Summer reading programs are a band-aid on the problem that children shouldn’t have such a long summer break now that air conditioning is common. Spread the breaks out throughout the year if you want to maintain the same number of days off. All evidence shows the summer break is bad for children’s academic achievement (especially poor children), but it is viewed as a perk for the teachers so the teacher’s unions fight against questioning it.
lurkshark|7 months ago
Edit: Adding that I realize the summer slowdown absolutely exists and has a disproportionate effect on those that don’t need another wrench thrown in their life. But just wanted to add a perspective that isn’t “teacher union boogeyman”.
kodt|7 months ago
And there are schools that do year-round schedules, but the total time off is about the same. They will typically get a longer winter break, longer spring break, an additional fall break, and then a much shortened summer break, but those add up to about the same time off overall. I know many teachers who prefer that system, some because it means they get paychecks more consistently throughout the year, and also it gives you more spread out breaks and flexibility in taking trips instead of being locked in to summer/Christmas/one week in the spring.

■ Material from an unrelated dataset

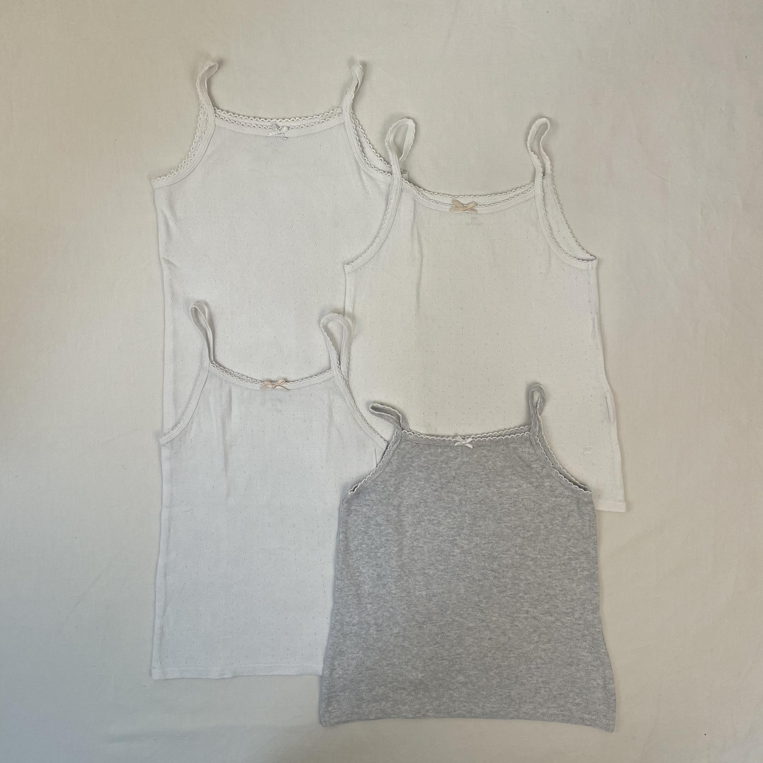 - Lot de 3 débardeurs : 3 blancs et 1 gris.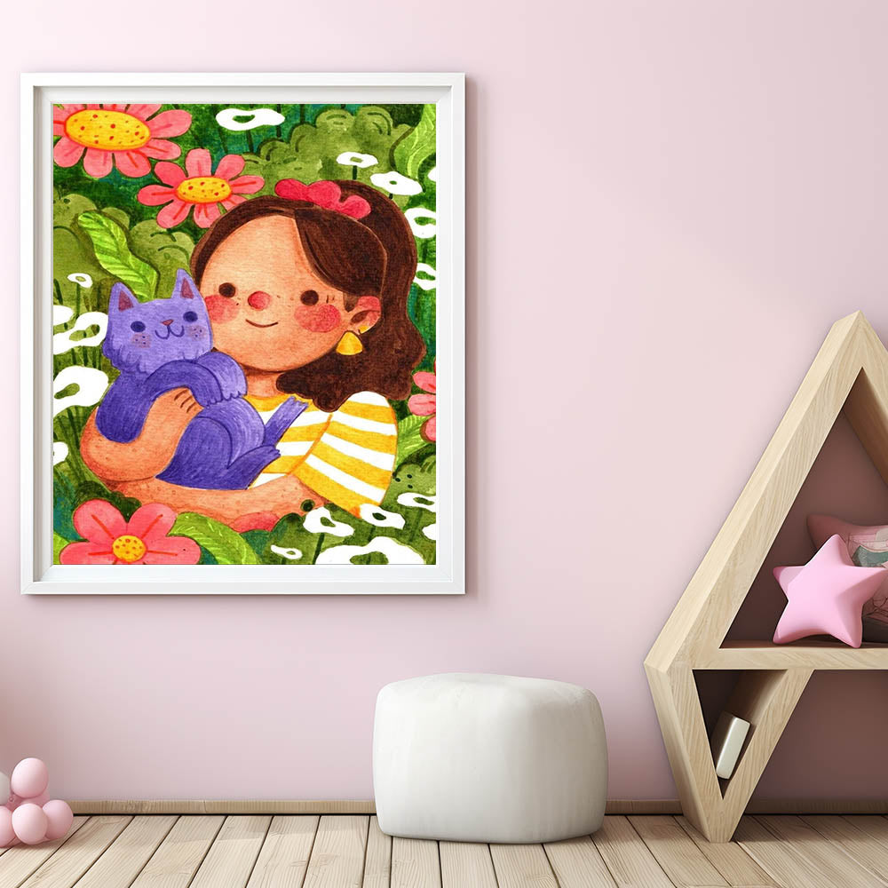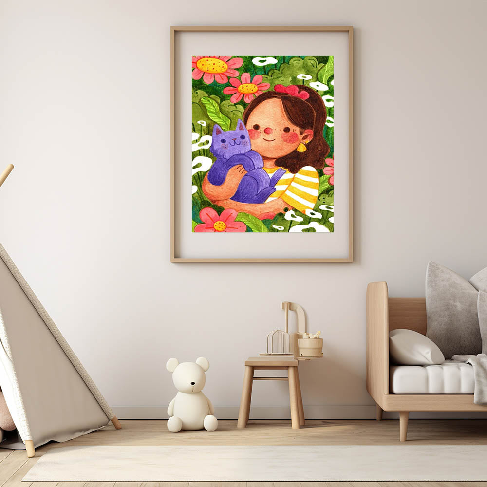 Girl & Cat in Garden Girls Room Wall Art – Kids Room Art Print

The strongest push back to this schedule is in fact parents. The primary issue is once their kids are in different schools (high school / middle school / elementary) with different schedules this causes issues as kids are not longer on break at the same times. In addition summer camp programs are tied to the traditional schedule leaving kids in the year round schedule with fewer or no options.
In order to change it, you also need neighboring districts/communities/private schools/programming to all shift as well, otherwise it becomes too much of as hassle for parents & teachers.
toast0|7 months ago
I think there's some cultural value in having a shared experience of summer vacation. But I agree, breaking up the breaks throughout the year, where possible, would make a lot of sense. There's a benefit of less crowding when school districts have different weeks off; although it's harder for extended families to meet up when their school schedules are drastically different.
BrandonM|7 months ago
As a child of divorce, I cherished 6 straight weeks at my mom’s house (we only visited every other weekend during school). As a working class kid, I earned probably half my annual spending money over the summer.
My wife and I now have kids, and we’ve always loved to travel (and needed to just to visit family). Summer is the only time available for extended family trips (2+ weeks).
nitwit005|7 months ago
We've cut the music and art in schools too. I guess the end state is one long endless math class. I'm sure those kids will be well adjusted.